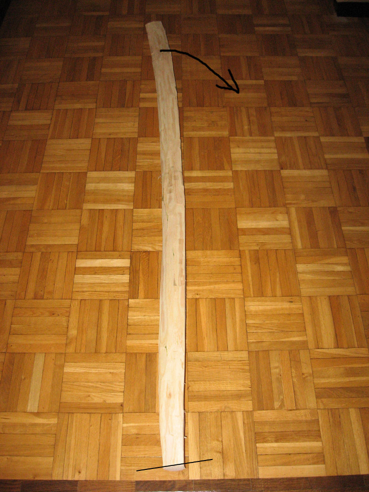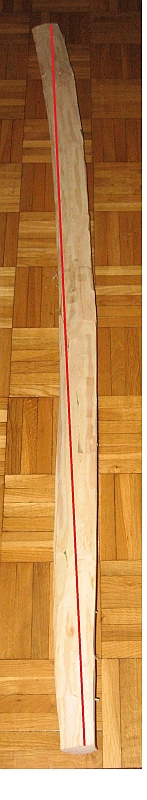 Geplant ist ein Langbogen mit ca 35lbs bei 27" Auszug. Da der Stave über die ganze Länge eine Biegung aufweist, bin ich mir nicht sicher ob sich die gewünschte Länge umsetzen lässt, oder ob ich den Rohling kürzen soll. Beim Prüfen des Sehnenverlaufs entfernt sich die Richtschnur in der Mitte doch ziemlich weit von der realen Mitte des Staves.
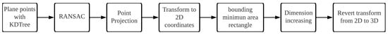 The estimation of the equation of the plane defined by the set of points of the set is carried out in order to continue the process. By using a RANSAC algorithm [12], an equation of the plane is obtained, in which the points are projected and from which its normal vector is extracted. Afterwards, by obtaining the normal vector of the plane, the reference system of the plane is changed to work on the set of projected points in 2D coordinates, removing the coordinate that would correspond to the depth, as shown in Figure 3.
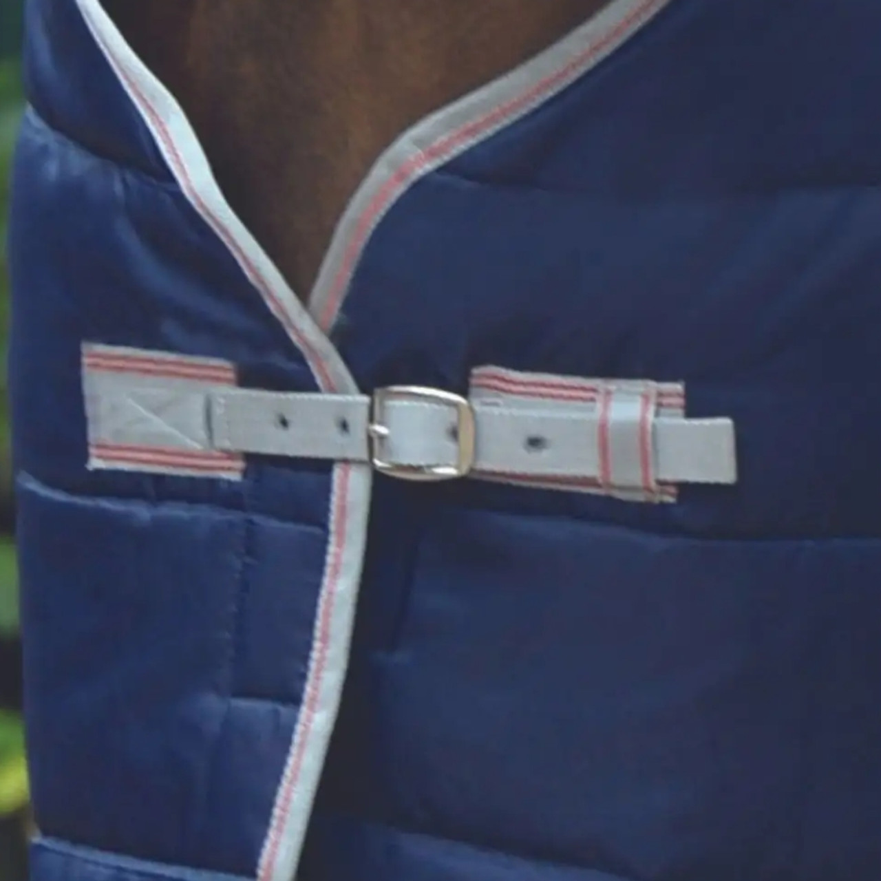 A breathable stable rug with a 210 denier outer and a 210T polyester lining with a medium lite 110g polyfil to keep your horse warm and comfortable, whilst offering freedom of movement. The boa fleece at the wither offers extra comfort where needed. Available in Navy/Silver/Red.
**********
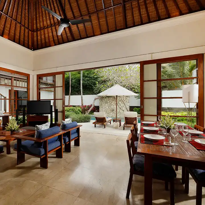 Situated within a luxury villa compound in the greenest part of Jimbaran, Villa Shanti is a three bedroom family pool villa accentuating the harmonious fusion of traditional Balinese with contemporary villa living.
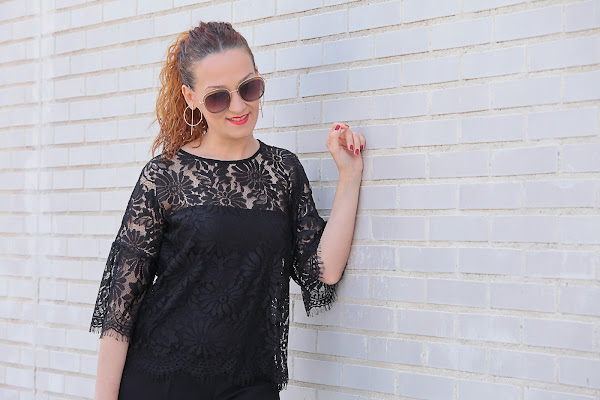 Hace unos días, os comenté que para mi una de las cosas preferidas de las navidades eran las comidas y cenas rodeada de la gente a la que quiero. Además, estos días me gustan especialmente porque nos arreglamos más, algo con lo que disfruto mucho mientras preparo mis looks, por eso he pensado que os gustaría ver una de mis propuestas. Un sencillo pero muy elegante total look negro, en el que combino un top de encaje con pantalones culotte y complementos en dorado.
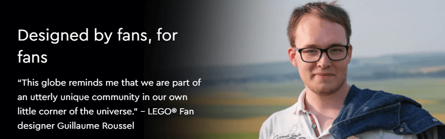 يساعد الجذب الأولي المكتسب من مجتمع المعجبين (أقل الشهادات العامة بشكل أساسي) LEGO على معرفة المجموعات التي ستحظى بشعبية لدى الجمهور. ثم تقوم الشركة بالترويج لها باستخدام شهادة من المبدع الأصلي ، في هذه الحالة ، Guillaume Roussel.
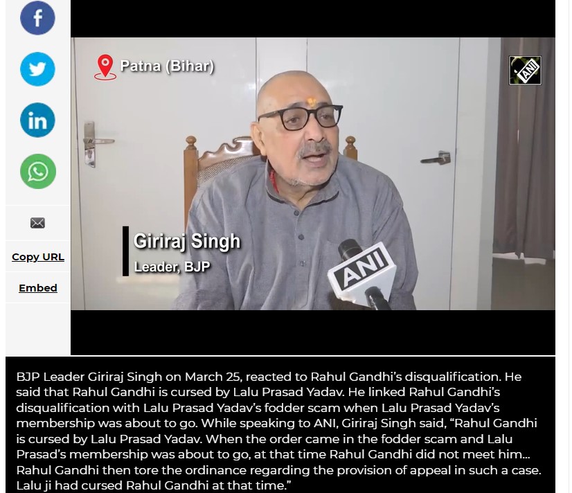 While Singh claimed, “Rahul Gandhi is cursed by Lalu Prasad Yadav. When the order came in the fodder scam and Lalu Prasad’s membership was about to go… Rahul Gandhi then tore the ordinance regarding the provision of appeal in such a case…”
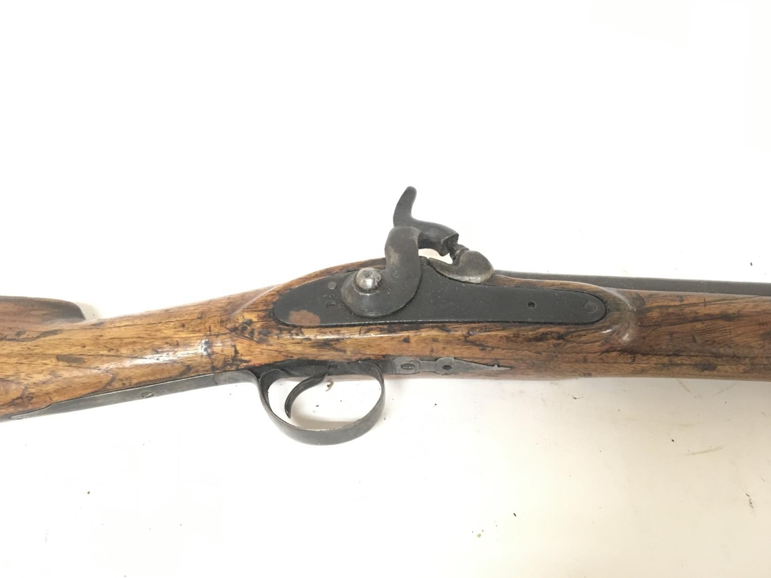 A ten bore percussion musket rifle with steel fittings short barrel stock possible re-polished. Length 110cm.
**********
** The task **
Exactly the lines above, from the one containing "Gandhi is cursed" down to the one containing "A ten bore percussion", are to be repeated, including both ends. Pictures are not part of the copy.

** Reply to the task **
 While Singh claimed, “Rahul Gandhi is cursed by Lalu Prasad Yadav. When the order came in the fodder scam and Lalu Prasad’s membership was about to go… Rahul Gandhi then tore the ordinance regarding the provision of appeal in such a case…”
 A ten bore percussion musket rifle with steel fittings short barrel stock possible re-polished. Length 110cm.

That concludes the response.